BY ANDY CHENG
Every few years, my family plans a vacation to travel around the United States by car. One such trip involved paying our neighboring country a visit. As a southern California resident, I never imagined entering Canada for the first time via car, let alone be the driver. After the third day of driving north, we passed the Washington State customs into British Columbia.
We entered Vancouver an hour after passing the border and drove to Stanley Park, the city’s urban park equivalent to New York’s Central Park. My original expectation was just to walk through foreign-introduced flower patches and look at systematically placed trees and gardens. Those expectations could not have been more incorrect.

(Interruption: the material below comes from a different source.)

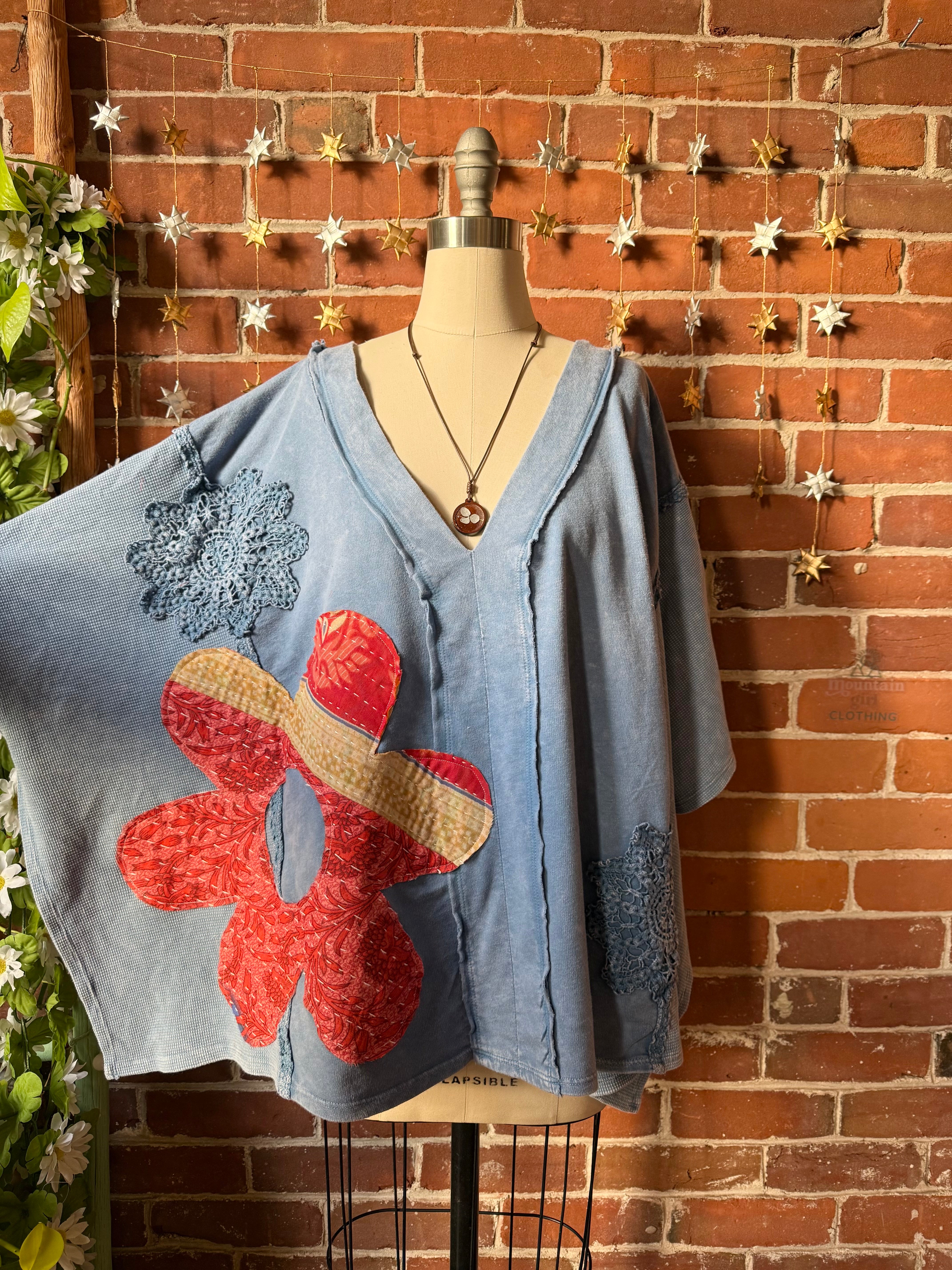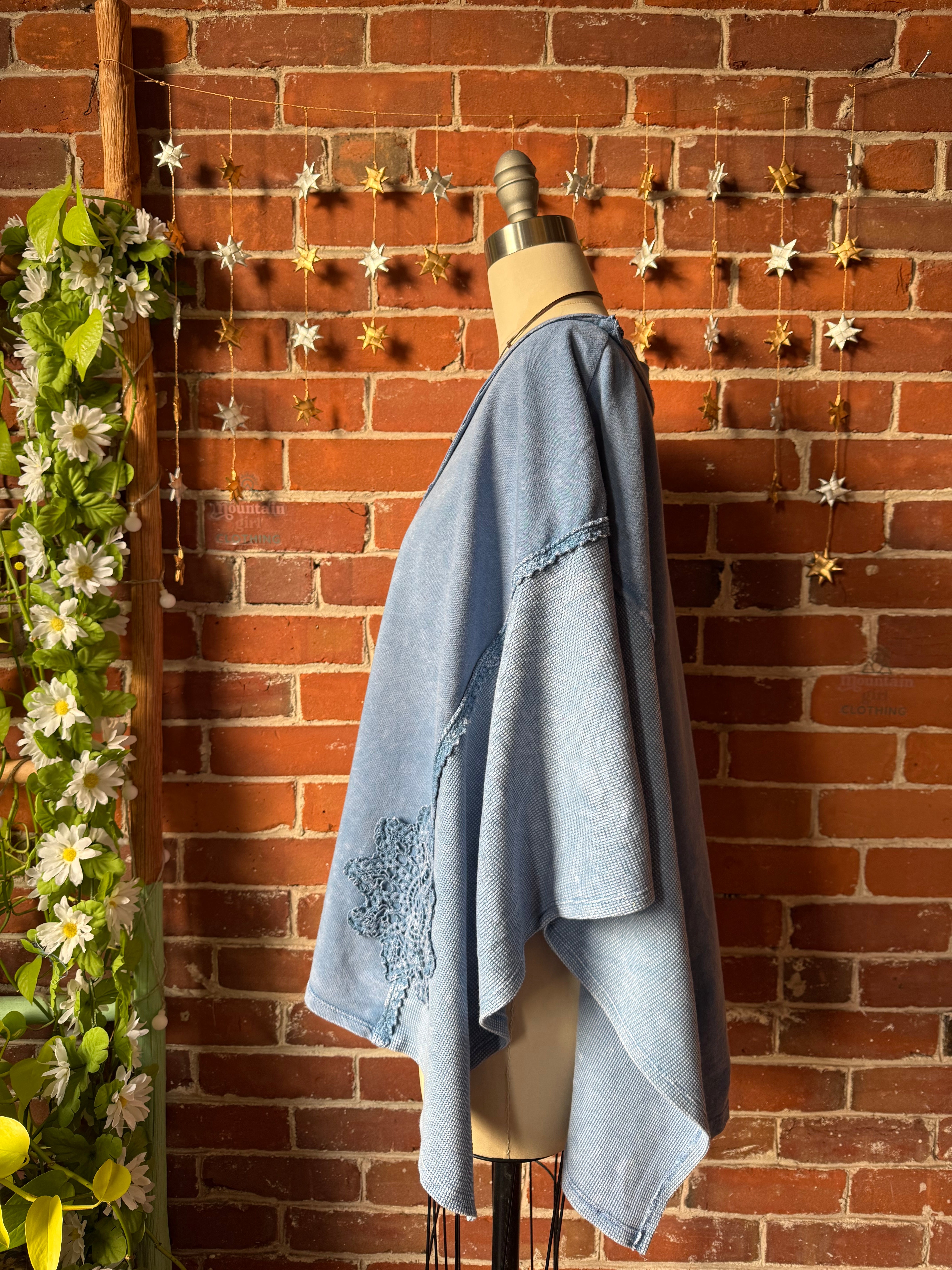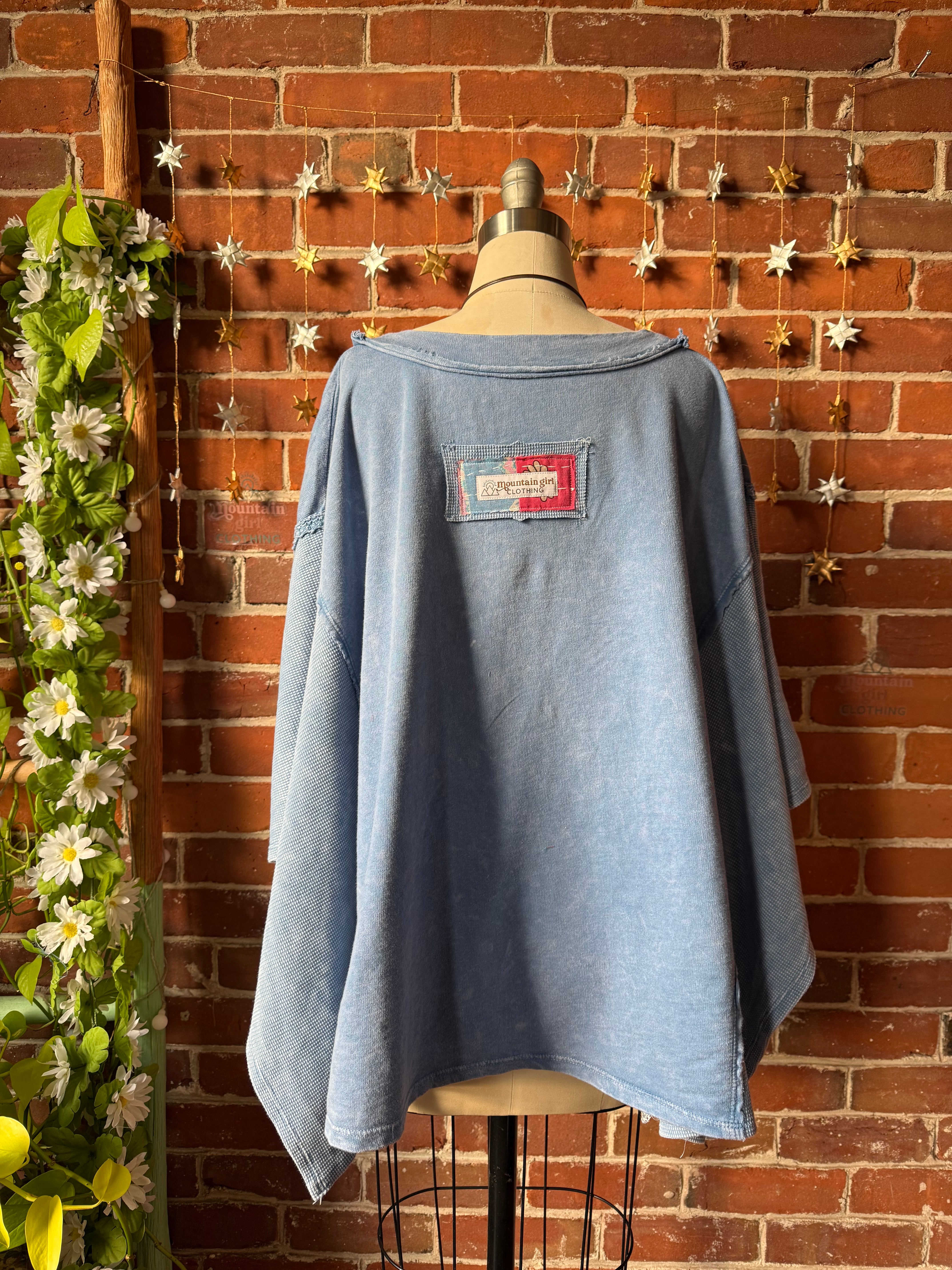 Upcycled flowy lightweight sweatshirt top and poncho sides with armholes.

The inside of the park unsurprisingly featured an arboretum-esque scene. What took my breath away was being on the perimeter and gazing outward. To the south was the marina with the downtown as the backdrop. Gorgeous hanging gardens could be seen on the sides of some skyscrapers, while other buildings looked to be apartment or office complexes. The reflection of the seawater was icing on the cake, showing a perfect reflection of the near-symmetrical skyline.
The north was a completely different view. Instead of a distinct skyline, there were many small buildings complemented by a vast mountain range in the background. Many commercial ships went beneath the Lions Gate Bridge, and a harbor on the opposite end showed an array of cranes. I saw a seaplane land in the water for the very first time.
My southern Californian pride was bruised by the end of the day. I had always been proud of knowing that I lived in an area where people could ski in the mountains, ride in the desert, and surf in the ocean all in the same day. Vancouver may not have the desert, but I’d take the aesthetics of a perfect marina and skyline over cacti and lizards any day of the week. I went into Stanley Park expecting mediocrity; I went out yearning, ‘til this very day, to go back again.